"History does not repeat itself but it does Rhyme"
Barack Hussein Obama and his administration along with the "Great Depression" historian and Federal Reserve Chairman Ben Bernanke are repeating almost every move executed by Franklin Delano Roosevelt during the 1930's "New Deal." This can be seen right down to the wording of their speeches and the "fireside chats" replaced by the "town meetings" to boost the "feel good" factor.
"The only thing we have to fear is fear itself"
FDR Inauguration speech.
"On this day, we gather because we have chosen hope over fear"
Barack Hussein Obama Inauguration speech 2009
However as we enter the "greatest" depression ever in US history (see my article of September 11th 2007 http://jonsyrose.blogspot.com/2007/09/liquidity-crisis-little-reflection.html) and face what could be the end of the American Era of Global Dominance; history teaches us that the $3.5 Trillion will not be enough just as the $2.5Bn wasn't enough in 1932. The incredibly job building programs of public infrastructure that Barack Hussein Obama proposes, mimicking the 1935 public works will not be enough and the 1.5m that became homeless during the 1930's will likely and sadly repeat itself. Foreclosures are headed towards an all time high and bank lending is tightening whilst fear runs rampant throughout main street America where job security is non existent. Henry Paulson replicated the FDR bank holiday and cash injection on October 14th 2008 with some $250Bn invested in the banks in an attempt to prevent the homelessness if not the rush on banks. This didn't occur as he raised the FDIC limits to $250,000 much as FDR brought the FDIC into being to prevent or mitigate the rush in the late 1920's and early 1930's. Timothy Geitner has proposed the Public-Private Investment Program to further try to avoid the mass foreclosures but America's consumers are overleveraged as are our businesses. Spending grew out of control and the checks and balances of the economy are attempting to right the sinking ship.
Foreclosures are Inevitable
People do not earn enough to meet a three and a half time ratio for earnings unless house prices return to realistic levels. The only way to achieve this is for them to be foreclosed upon and resold. This was seen with the penny auctions in the 30's. Rents must return to being fairly close to the mortgage payment, this is, in my opinion, the essential fair value of a property and the yardstick I have always invested by. Seeing as earning cannot support higher rents then this is another reason for the overheated property market to reset. Hold off your buying for at least another 12-18 months while the government and banks realize that this is inevitable and must be done. Banks must realize and actualize their losses or the government must assume and actualize these losses through the Public-Private Investment Program.
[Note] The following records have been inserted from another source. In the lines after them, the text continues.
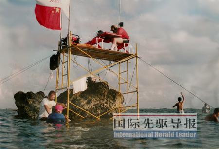 在遠征隊員的嚴正聲明后,菲律賓海軍并不死心,一艘橡皮艇始終圍著架設了無線電平臺的礁石轉悠,想伺機登島。但眼看“偷襲”無望,一個士兵謊稱橡皮艇的發(fā)動機出現(xiàn)故障,需要靠在礁石上修理,還是被中國人堅決拒絕。菲律賓海軍自討沒趣后,將橡皮艇?吭谝粔K離遠征隊員不遠處只有板凳大小的礁石旁,并將菲律賓國旗插在橡皮艇和礁石的中間。
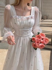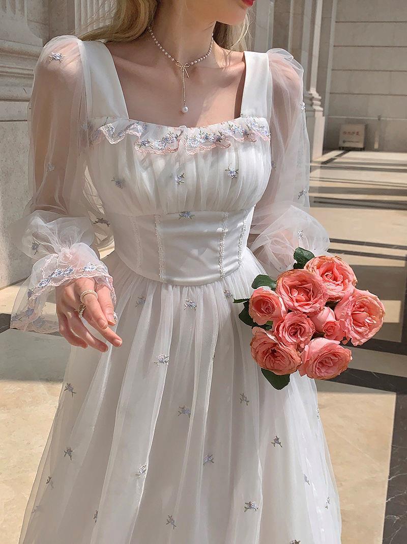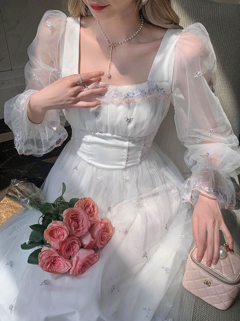 秋春ホワイト メッシュ妖精ドレス女性フランス刺繍花柄フレア スリーブ ウエディング ドレス Vestido Blanco フレアスリーブ スプリング 春物 オータム 秋物 bel52029067757 | aliel
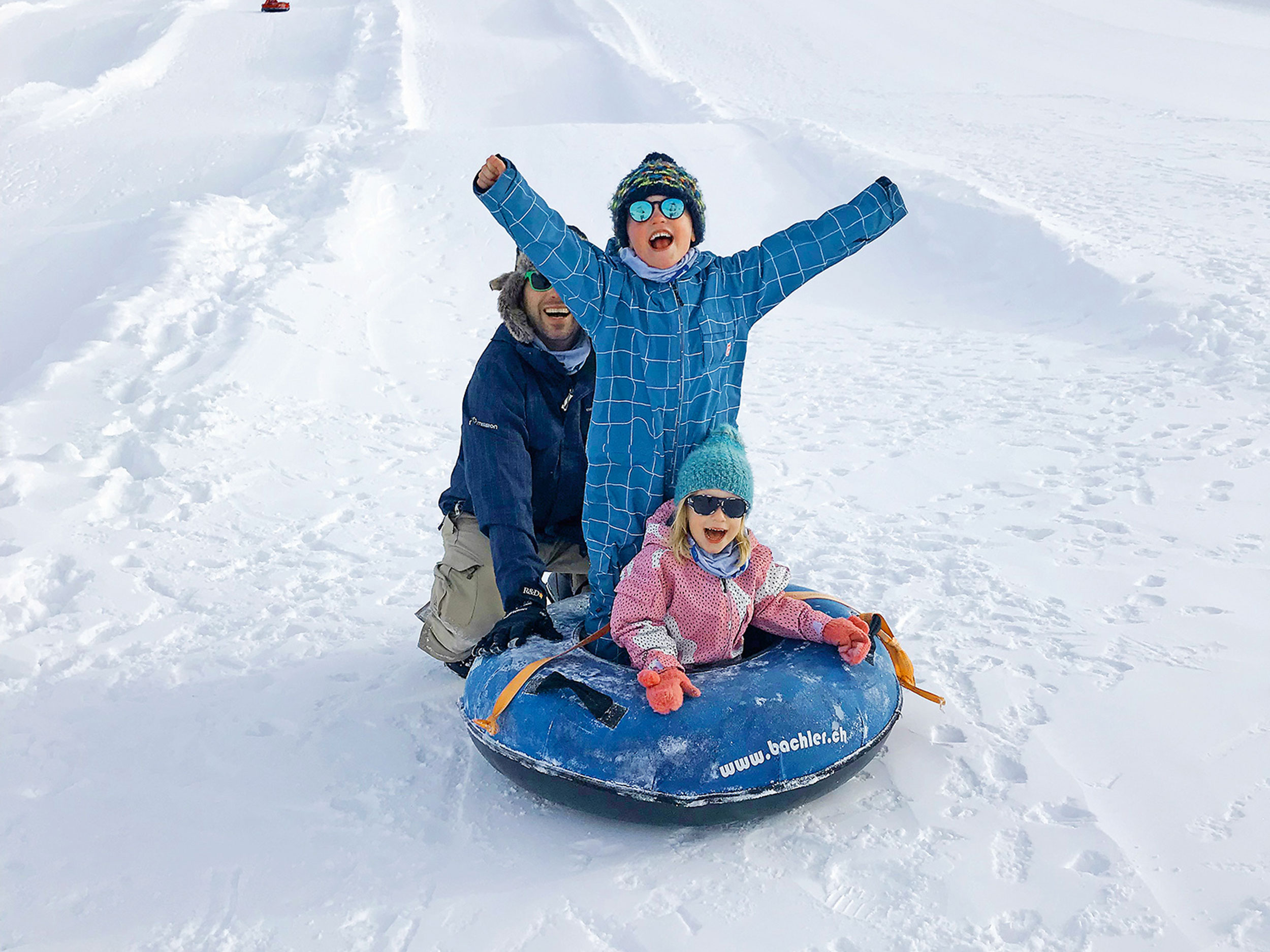 Am nächsten Tag ersetzen wir Skifahren durch Snowtubing – und haben plötzlich schneesportbegeisterte Kinder. Die Stimmung steigt, während die Temperatur unserer Tochter wieder sinkt. Wir bauen Tunnel und Rutschbahnen in den meterhohen Schnee. Geniessen den Whirlpool im Hallenbad, während die Kinder im Becken plantschen. Fahren einzeln über die perfekt präparierten Pisten, während die Kinder Mittagsschlaf machen. Decken uns im Dorf mit Raclettekäse, Wurst und heimischem Brot ein und schaffen uns so unsere vielen kleinen Berg-Highlights.
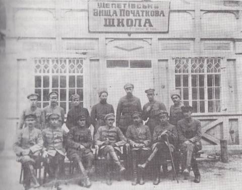 на фото: Команда 11-ї дивізії січових стрільців у Шепетівці, 1919 рік. Зліва направо сидять: підполковник Цівірко, підполковник Юрій Отмарштайн, комендант 11-ї дивізії полковник Роман Сушко, невідомий, сотник Гнатченко. Стоять зліва направо: сотник М. Максим, поручник Л. Савойка, сотник М. Строніцький, двоє невідомих, хорунжий С. Миколин.
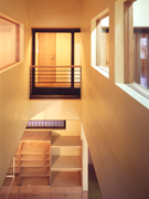ロフトから吹き抜けを見下ろす。旧家屋の木製ガラス戸が再利用されています。

Suicide and the Reality of Returns
Lets hope that suicides do not once again reach their height of 18 per 100,000 as during the 1930's although the high profile suicide of Rene-Thierry Magon de la Villehuchet who lost in the region of $1.3Bn with Bernard Madoff does not bode well. Bernard Madoff exposed the weaknesses and cracks in the system which cozy's up to insiders as his scheme grew to such levels that it collapsed under its own weight and demands for injections of new cash; much like Charles Ponzi's Scheme did in 1920. Harry Marcopoulos was ignored as were many others who explained that some things were too good to be true and the basic rules of math's and economics do not and cannot be changed. Greed, Euphoria and the desire to "keep up with the Jones's" kept people investing speculatively and chasing the dream of rags to riches/ overnight successes and quick millions. Even now diner tables are still filled with people talking of the one deal they invested in where they got high returns etc and ignore and gloss over all the others they lost on. The average investor doesn't achieve more than 5-6% per annum if the truth be known although to hear them talk you would think you are missing out all the time and they are raking in 15-20%.
Why Obama May Choose War
World War II resulted in the US government expending $500Bn and it still took till 1943 to restore employment (with a significant decrease in the male population) and till the late 40's-early 50's for the stock market to return to its pre 1929 high. This in modern money would be government war expenditure of in excess of $10 Trillion and probably closer to $20-30 Trillion in real terms. History teaches us this is the kind of figure necessary in simpler time with a less complex and interwoven global economy.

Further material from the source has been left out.